Pertanian dan Perkebunan, Potensi Besar Tekan Angka Inflasi Ekonomi Aceh Tamiang

oleh -201 Dilihat
Wakil Ketua DPRK Aceh Tamiang. Fadlon, SH. MH.

“Sektor Pertanian dan Perkebunan diketahui miliki potensi terbesar dalam rangka lakukan terobosan penanggulangan inflasi ekonomi, di mana sektor ini merupakan sektor perioritas yang dianjurkan pemerintah untuk pengembangan usaha kecil atau usaha mikro kecil dan menengah (UMKM),” Katanya.

KUALASIMPANG | atjehdaily.id – Wakil Ketua Dewan Perwakilan Rakyat Kabupaten (DPRK) Aceh Tamiang, Fadlon, SH. MH ajak masyarakat untuk dorong sektor pertanian dan perkebunan upaya menekan angka inflasi ekonomi di kabupaten ujung timur Aceh tersebut.

Situasi inflasi ekonomi menjangkit seluruh provinsi, kabupaten kota di Indonesia, tak terkecuali di Tanah Bumi Muda Sedia [Julukan Aceh Tamiang]. Seyogianya harus segera disikapi agar angka inflasi mampu ditekan.

Demikian, Fadlon menyebut seperti dilansir atjehdaily.id. Rabu, 20 Maret 2024 di Karang Baru. Politisi Partai Aceh (PA) bersikap untuk mendorong penanganan dan penanggulangan krisis ekonomi yang melanda Aceh Tamiang.

Fadlon mengajak masyarakat untuk berinisiatif melihat peluang dan kesempatan nilai ekonomis yang ada yang dapat di kelola oleh masyarakat untuk melepaskan dari preseden ekonomi di wilayah itu.

Di antaranya sektor Pertanian dan Perkebunan yang mampu mendorong serta menopang perekonomian ke arah yang lebih baik.

“Kita himbau masyarakat agar lebih peka dan sigap membaca peluang usaha meskipun harus sedikit berpikir ekstra untuk mendapatkan kesempatan lebih baik upaya meraih peluang usaha,” Ajaknya.

Dikatakan; Aceh Tamiang dibagi tiga zona; Hulu, Tengah, dan Hilir.

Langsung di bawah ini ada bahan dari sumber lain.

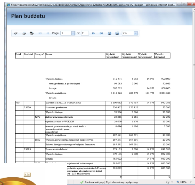
Główny widok systemu
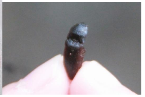
クロツヤクシコメツキ
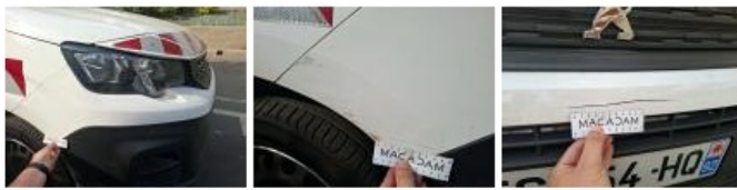
Panneau ARD, Bosse(s) et griffe(s), Acceptable
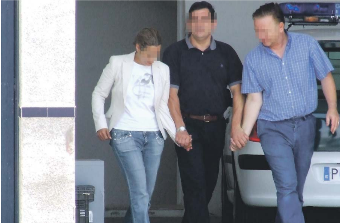
■ Das deutsch-brasilianische Paar bei der Verhaftung in Torrevieja.

Aus dem Kleingedruckten ging jedoch hervor, dass es sich bei der vermeintlichen Rechnung um einen Vertrag handelte. Fiel der Unternehmer auf den Trick herein, verpflichtete er sich mit seiner Unterschrift, die entsprechende Summe für einen anderen Eintrag in ein völlig unwichtiges und nur im Internet veröffentlichtes Branchenverzeichnis zu zahlen. In Österreich schätzt man die Zahl der auf diese Weise Geschädigten auf rund 200. „In Deutschland dürf-

Di mana ketiga wilayah ini memiliki salah satu kesamaan usaha sektor Pertanian dan Perkebunan, selain adanya usaha sektor lainnya seperti usaha kecil dan sektor Kelautan di wilayah pesisir.

Menurut Kader Partai Aceh itu, berdasarkan analisa dan survei, di Aceh Tamiang sangat besar dominasi masyarakat di sektor Pertanian dan Perkebunan di samping adanya usaha lain dalam keseharian mata pencaharian.

“Sektor Pertanian dan Perkebunan diketahui miliki potensi terbesar dalam rangka lakukan terobosan penanggulangan inflasi ekonomi, di mana sektor ini merupakan sektor perioritas yang dianjurkan pemerintah untuk pengembangan usaha kecil atau usaha mikro kecil dan menengah (UMKM),” Katanya.

Merujuk pada tugas pokok dan fungsi (Tupoksi) anggota DPRK atau wakil rakyat, Dirinya berupaya turunkan tim dari analisis Partai Aceh untuk menginput survei untuk mengetahui persoalan yang dihadapi masyarakat dewasa ini.

“Kita dapat input dari lapangan ke sekretariat Dewan Pengurus Wilayah (DPW) Partai Aceh, dampak inflasi ekonomi sangat dirasakan oleh rakyat, di mana kami menerima laporan bahwa keterpurukan ekonomi itu harus kita tangani meskipun butuh tahapan dan proses,” jelasnya.

Bersama rekan kader Partai Aceh ke depan akan fokus pada program optimalisasi pertumbuhan ekonomi kerakyatan berbasis penanggulangan inflasi ekonomi terstruktur dan sistematis untuk perubahan pemberdayaan ekonomi rakyat.

“Kami akan upayakan dan mendorong pemerintah daerah untuk lebih meningkatkan fokus pada sektor ekonomi kerakyatan mendongkrak ketahanan pangan serta penguatan pengembangan sektor UMKM sebagai mitra pengembang,” Pungkasnya. [zainal Ksp].